9 | Heartbeat

1.9K 243 5
                                    

"hold my heart,
it's beating
for you anyway."

| Pierce The Veil |

...

"Siapa dia?"

Oni baru akan memakan sarapan yang disajikan Dara ketika Darwin datang dari arah pintu dapur dengan pertanyaan yang membuatnya bingung.

"Maksud Mas siapa?" Dara balik bertanya meski pertanyaan itu bukan ditunjukkan kepadanya. Dia mengambil tempat duduk di depan Oni, diikuti oleh suaminya.

"Anak laki-laki di depan, katanya nunggu Oni."

Mata Oni langsung melebar. Dia bangkit hendak memastikan dugaannya, tetapi belum dirinya menghindar, Darwin melontarkan kalimat sinis yang membuatnya seketika menghentikan gerakan kaki. "Buah jatuh nggak jauh dari pohonnya."

"Mas!" seru Dara tak terima.

"Maksud Om apa?" tanya Oni tak menghiraukan ekspresi bersalah di wajah tantenya.

Sambil mengambil sendok, Darwin menyeletuk, "Belum satu bulan di sini udah ada cowok yang jemput di depan rumah. Namanya laki-laki kalau sudah dikasih celah ya bakal langsung nerobos."

"Mas apa-apaan sih ngomong kayak gitu? Itu mulut nggak bisa dijaga, ya!"

"Aku bicara sesuai fakta."

Oni tak tahan lagi mendengar kata-kata menusuk dari Darwin, dengan emosi yang tumpah ruah, dia memutuskan pergi dari sana. Bahkan untuk menghabiskan sarapan pagi pun tak berselera, dia ingin cepat-cepat menjauh dari pamannya. Hatinya terluka menerima pandangan seperti itu, seolah-olah dialah satu-satunya yang patut disalahkan atas kejadian yang pernah menimpanya.

"Oni!" Dara beranjak. Dia menyusul gadis itu. "Sarapan dulu, Nak," sambungnya saat melihat Oni tengah memasang tali sepatu.

"Nggak perlu, Tan. Oni berangkat duluan." Lalu membuka pintu dan keluar sembari menjinjing hoodie dan tasnya dengan tergesa-gesa. Tanpa menyalami tantenya seperti biasa.

Gadis itu berhenti sebelum sampai di depan pagar rumah, melihat Leon tengah duduk di atas motor sambil memunggunginya. Kesempatan itu Oni gunakan untuk mengusap sudut-sudut matanya yang basah, kemudian memakai hoodie dan memasang topinya hingga menutupi rambut. Dia menghela napas lebih dulu untuk menetralkan suaranya agar tidak terdengar serak.

"Leon," sapanya.

Cowok yang dipanggil namanya itu spontan berbalik, dia mengulas senyum saat melihat Oni berdiri di depannya.

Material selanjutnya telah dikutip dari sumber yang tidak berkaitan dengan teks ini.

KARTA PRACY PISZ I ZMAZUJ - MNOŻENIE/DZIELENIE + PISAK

"Eh, Onion," balasnya ceria. Leon meloncat dari atas motor, lantas mengelap joknya dengan tangan. "Biar rok Onion nggak kotor."

"Aku 'kan bukan bawang," komentar Oni. Dia menghampiri Leon yang masih mengelap-elap jok motor untuknya.

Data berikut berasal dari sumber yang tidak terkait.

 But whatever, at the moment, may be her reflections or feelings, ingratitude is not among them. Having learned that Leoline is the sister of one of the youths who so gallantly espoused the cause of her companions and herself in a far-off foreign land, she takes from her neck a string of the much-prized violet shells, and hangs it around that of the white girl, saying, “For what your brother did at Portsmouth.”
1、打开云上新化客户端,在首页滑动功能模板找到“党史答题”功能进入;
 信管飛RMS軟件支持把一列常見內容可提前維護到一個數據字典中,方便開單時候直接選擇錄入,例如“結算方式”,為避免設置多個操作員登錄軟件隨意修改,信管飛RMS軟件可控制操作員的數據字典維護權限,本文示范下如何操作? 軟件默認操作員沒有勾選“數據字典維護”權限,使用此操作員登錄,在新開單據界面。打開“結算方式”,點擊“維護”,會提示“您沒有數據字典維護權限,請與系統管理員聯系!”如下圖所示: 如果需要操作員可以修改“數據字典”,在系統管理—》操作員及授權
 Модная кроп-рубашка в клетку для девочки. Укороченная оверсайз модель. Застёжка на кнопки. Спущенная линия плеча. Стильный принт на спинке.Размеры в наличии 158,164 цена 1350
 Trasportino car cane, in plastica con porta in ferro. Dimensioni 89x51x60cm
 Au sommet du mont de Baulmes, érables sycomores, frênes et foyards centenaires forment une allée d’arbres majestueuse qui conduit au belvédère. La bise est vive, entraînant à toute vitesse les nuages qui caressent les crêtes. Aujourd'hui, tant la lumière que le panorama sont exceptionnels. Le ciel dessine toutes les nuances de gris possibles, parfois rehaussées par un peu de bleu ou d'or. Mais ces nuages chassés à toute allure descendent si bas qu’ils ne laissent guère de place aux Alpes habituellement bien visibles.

Dalam waktu beberapa detik, Oni memperhatikan cowok itu. Dia pikir Leon tidak sungguh-sungguh soal menjemputnya hari ini, dia bahkan masih tak percaya melihat kedatangan Leon yang terlalu pagi.

"Anggap aja bawang putih, yang baik dan tidak sombong," imbuh Leon. "Nah udah bersih, sekarang lo bisa duduk."

Leon masih tersenyum dan rasanya hal itu menular kepada Oni, dia menarik sudut bibirnya ke atas. "Makasih."

Leon mengangguk. "Eh iya, gue baru beli helm cewek kemarin, nih lo pake." Sembari menyodorkan helm bogo bewarna pink polos. "Mulai sekarang gue yang bakal antar-jemput lo, jadi gue harus persiapan."

"Tapi—"

"Daripada naik bus desak-desakan sama orang nggak dikenal, mending sama gue dijamin aman sejuta persen," potongnya.